TLDR: Going to try coarser green sand for aluminium castings. A few days ago I scored some free sand of random grain size, it looks like it's raw un-graded random particle size, freshly dredged from the river. All local sand mines are dredging from the river or river delta deposits so it's mined wet from underwater and pumped into piles. Particle size is up to 6-7mm or 1/4" and down to dust in effect. I picked up 100Kg or so for testing and there's more where it came from. My last batch of green sand was made from fine beach sand and I've had difficulties packing it into deep patterns and had to resort to ramming in layers, not to mention having to up the bentonite content to get enough strength. With the new sand I'll have a larger average particle size to make ramming up easier to do (I'd better get the Navy handbook out and read up on the topic). I sieved the dried sand on a tarp with with a flyscreen riddle and quickly sieved maybe 40% coarse to 60% fines. The coarse sand went onto the pathway between the house and shed and the fines about 1.5mm and smaller I saved in a bin for processing today. I spread a tarp the next day and taking note of the breeze I put a shop fan on one corner and sprinkled the fines into the wind blowing over the tarp: the dust blew a fair distance and didn't settle at all, the fines settled on the tarp and the large particles right in front of the fan. The coarse sand and some of the fines closest to the coarse went back into the bin and the the level wasn't much lower than before. The fines spread over 2/3rs of the tarp were about 1/5th of a bucket, so not much of them. Compared to my earlier sand it's the same range of grain sizes but there's a lot more of the larger particle. When I make some green sand up I'll report back on how it behaves. Raw sand, it has mica and basalt in it. Close up of the raw sand after drying. After sieving and wind blowing the fines: Sieve on the left was used as the larger mesh foundry riddle broke. All of the wind blown fines: Remaining sand, level in the bin is not much lower.
I had a similar experience with flyscreen and the inexpensive bagged sands from the home improvement store, but perhaps with more culled for being too large. If I want nicer sand from there, I go for the paint texture or mortar sand that is uniform grade and kept dry in the store.

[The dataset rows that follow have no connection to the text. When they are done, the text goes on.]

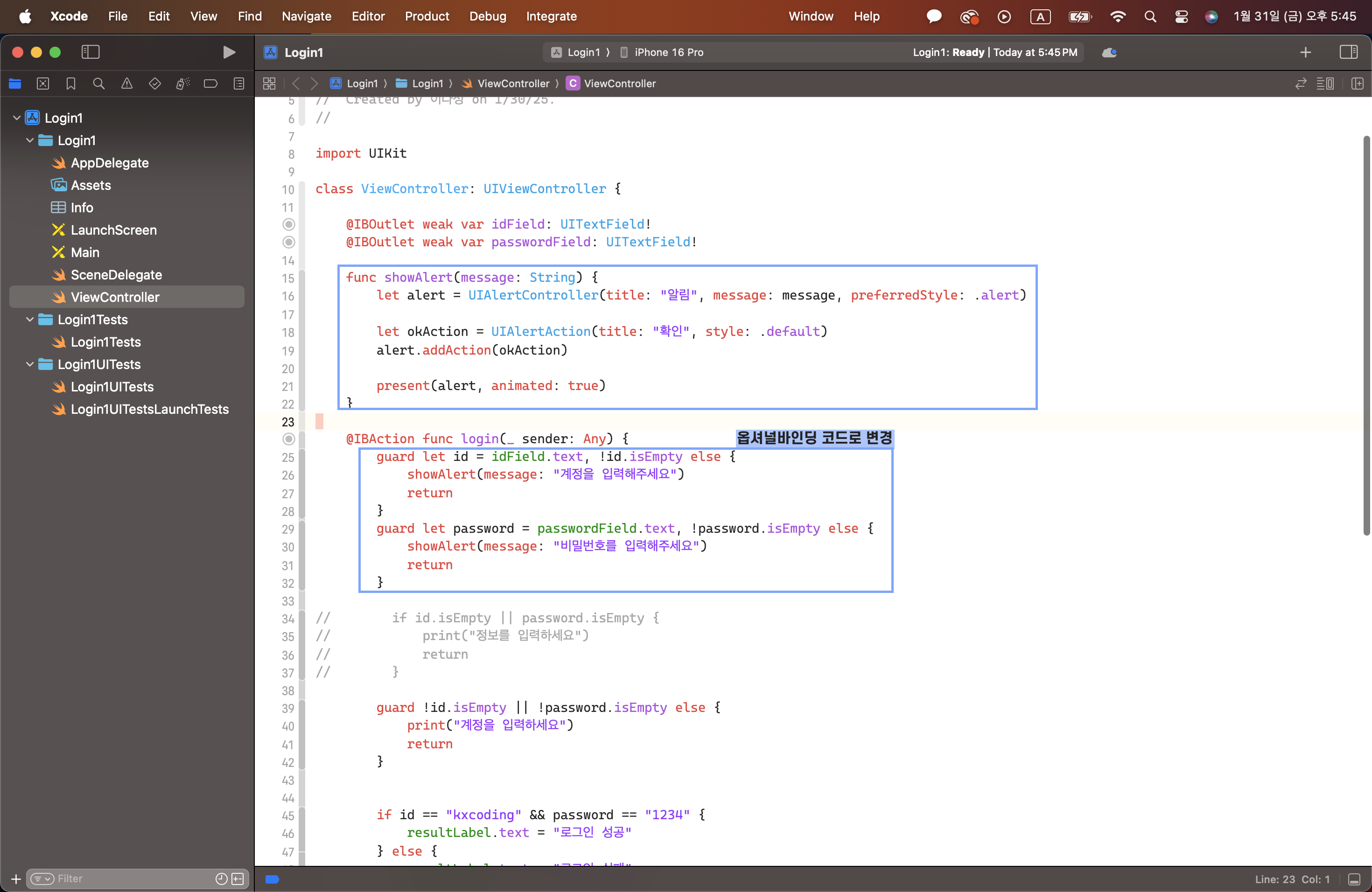 1. 알림창을 나타내는 함수 추가, 옵셔널 바인딩으로 코드 변경
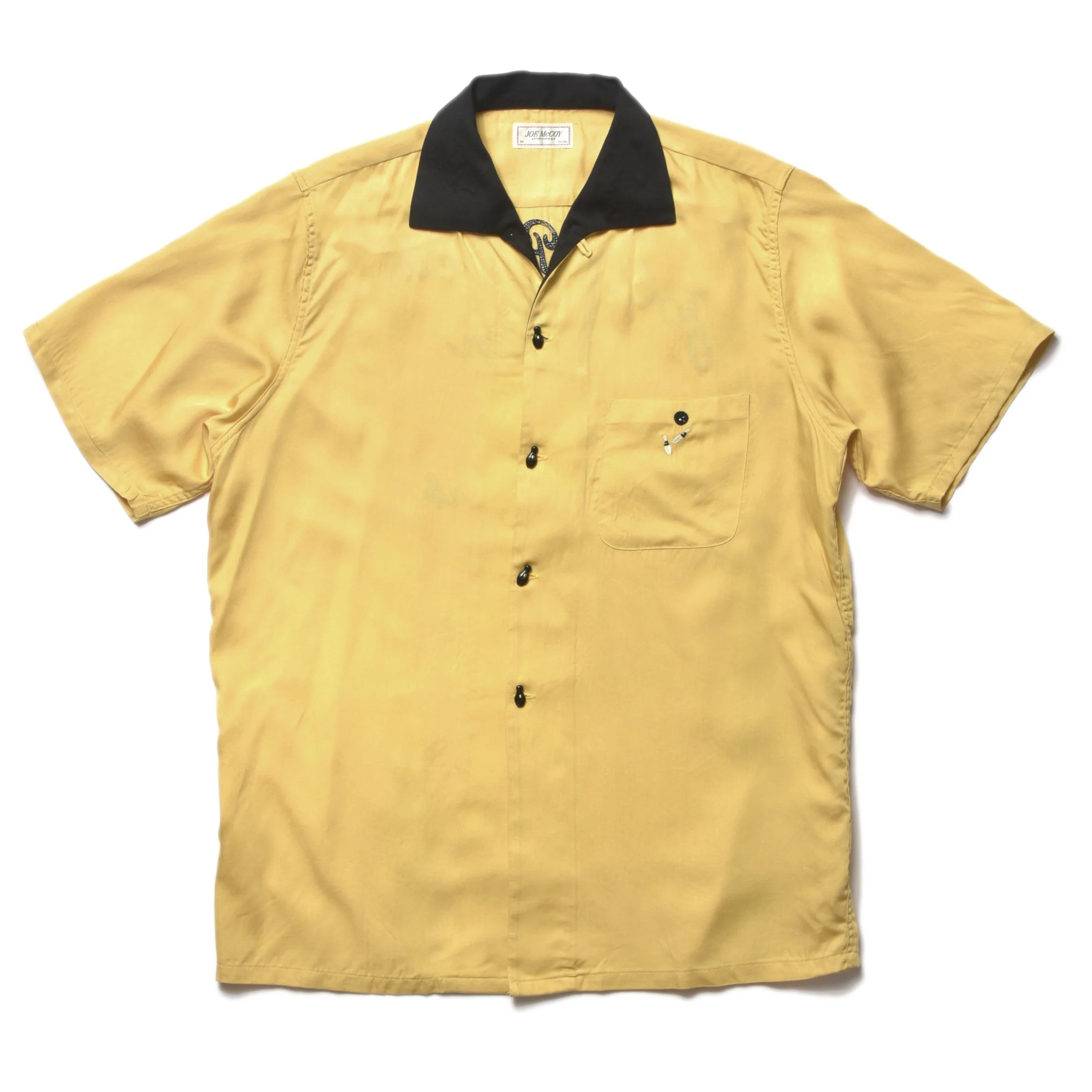 From Joe McCoy Sportswear, the RAYON BOWLING SHIRT / JOLLY ROGER celebrates the style and creativity of bowling shirts seen across alleys in 1950s USA. This model has been faithfully reproduced with a specially manufactured rayon cloth to achieve the relaxed drape commonly seen in bowling team archive images from the 50s, a finish achievable only with a fabric as dense as our bespoke designed Rayon which has been improved from the type used in the 50s to control shrinkage.
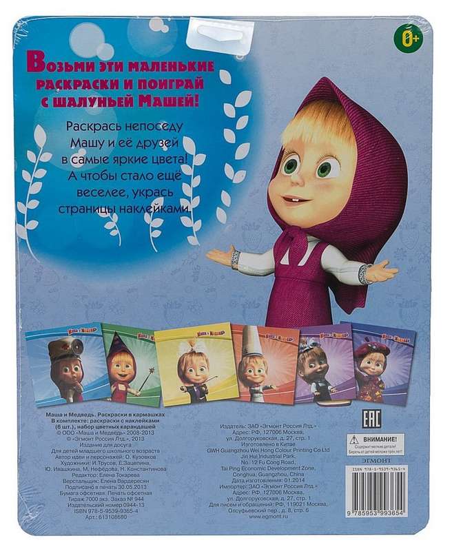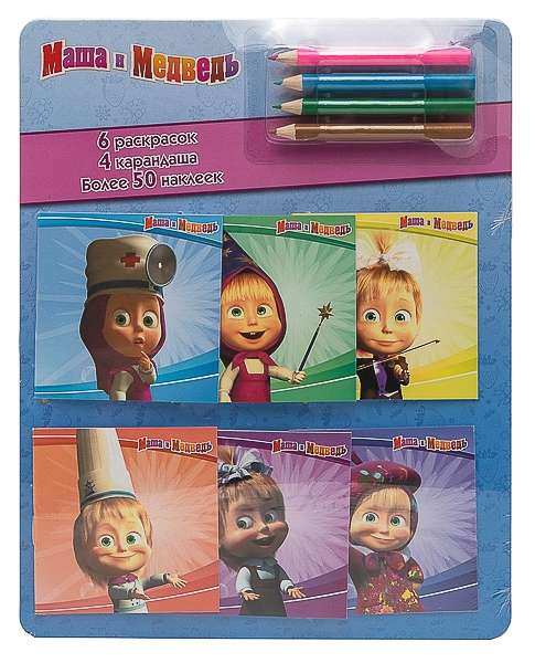 Возьми эти маленькие раскраски и поиграй с шалуньей Машей! Раскрась непоседу и ее друзей в самые яркие цвета! А чтобы стало еще веселее, укрась страницы наклейками.

For K-Bond, I have been getting a 130 mesh product from a supply house that caters to sand blasting, which is right down the street from the firebrick and ceramic fiber blanket supply and a shop that carries fiberglassing supplies for my boat stuff so a 'trip to town' can be quite productive if not wallet-draining...
I made about 300 pounds of greensand a few years ago using clean dry silica from the pottery supply shop that was uniformly graded at 75 mesh. It never developed the green strength I hoped it would, despite trying adding more and more clay and even making and experimenting with dextrin. The greensand I had bought pre.ulled from Smelko Foundry Products always performed much better. So does the new greensand I made using 56GFN silica foundry sand from the new supplier that took over when Smelko closed. For me, having the right blend of different grain sizes makes a big difference (ignoring grain shape for now). The AFS's GFN (grain fineness number) is some kind of average mesh size for a sample of sand. But there's more to it. I don't have a set of screens to play around with and haven't totally wrapped my head around it, but from what I've read and seen from a few sieve analyses, I think a lot of good sands for making molding sand with have a high percentage of their grains concentrated across maybe 3 adjacent screens, and fewer and fewer grains that in screens that are farther away from those main ones. Does it come out of the ground that way? Do they dump the contents of certain screens to hit a target GFN with the desired concentration? Or do they just sprinkle it in front of a fan and keep the good stuff and assign a GFN based on what the screens show? No idea. Interested to see how well the new molding sand works out! Jeff
I looked up GFS after seeing your reply, makes sense that particle size is important. Sand for phenolic urethane resin super fine, I'd estimate 200 mesh or finer, it tamps down with minimal force. Interestingly when offered to people who make a sand/cement "render" for plastering concrete walls they said after trying it, that it's too "sharp" whatever that means. I'm on the lookout for fine screens, all I have is a stretchy weave fabric that gets the fines out but it slow and inconsistent to use because of the stretchiness, sort of like cloth over speakers.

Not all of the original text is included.